Restate the data below word for word. Leave the images out.

EXERCISE DATA>
= = =

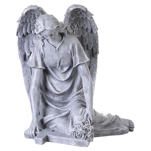 Anjo ajoelhado para exterior com cruz e flores 40 cm acabamento efeito pedra.
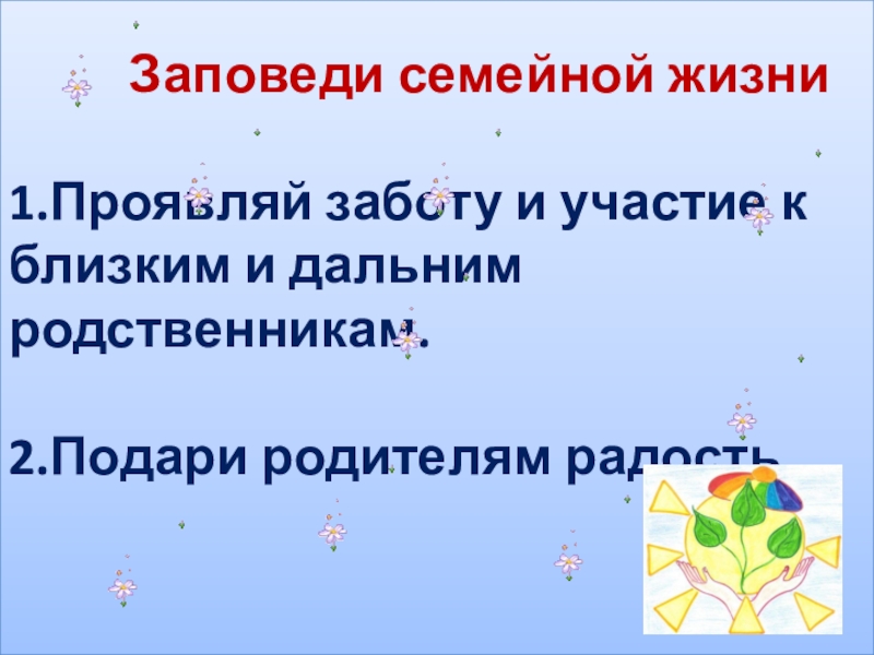 Заповеди семейной жизни  1.Проявляй заботу и участие к близким и дальним
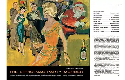 - "Christmas Party" appeared in the final issue of Collier's, a venerable magazine founded in 1888. On February 4, 1957, Herbert Block wrote Rex Stout: "One thing about the demise of Collier's — it ended in fine style, with the cover proudly proclaiming a 'Nero Wolfe thriller.' And a thriller it certainly was; but I don't think anyone else could have got the added special thrill that I did when I came to the lines about Here and Now!" [2]
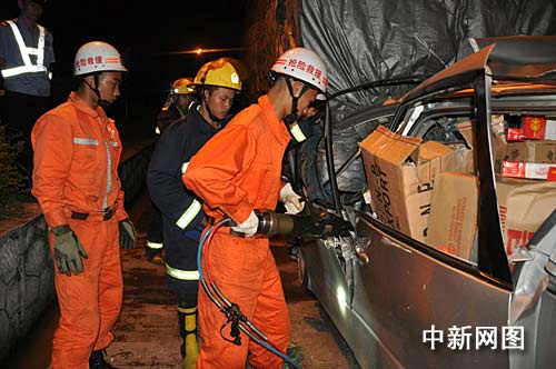 消防官兵隨后展開施救工作。由于車頭變形嚴重,消防官兵只得輪流使用消防撬棍、液壓剪擴器和切割機將兩邊的車門打開,然后將車上香煙搬出,再把兩人的座位靠背放直,兩名被困人員才得以依次抬出。經(jīng)現(xiàn)場120急救人員證實,兩人已經(jīng)死亡。

= = =

ANSWER FOR THIS EXERCISE>
 Anjo ajoelhado para exterior com cruz e flores 40 cm acabamento efeito pedra.
 Заповеди семейной жизни  1.Проявляй заботу и участие к близким и дальним
 - "Christmas Party" appeared in the final issue of Collier's, a venerable magazine founded in 1888. On February 4, 1957, Herbert Block wrote Rex Stout: "One thing about the demise of Collier's — it ended in fine style, with the cover proudly proclaiming a 'Nero Wolfe thriller.' And a thriller it certainly was; but I don't think anyone else could have got the added special thrill that I did when I came to the lines about Here and Now!" [2]
 消防官兵隨后展開施救工作。由于車頭變形嚴重,消防官兵只得輪流使用消防撬棍、液壓剪擴器和切割機將兩邊的車門打開,然后將車上香煙搬出,再把兩人的座位靠背放直,兩名被困人員才得以依次抬出。經(jīng)現(xiàn)場120急救人員證實,兩人已經(jīng)死亡。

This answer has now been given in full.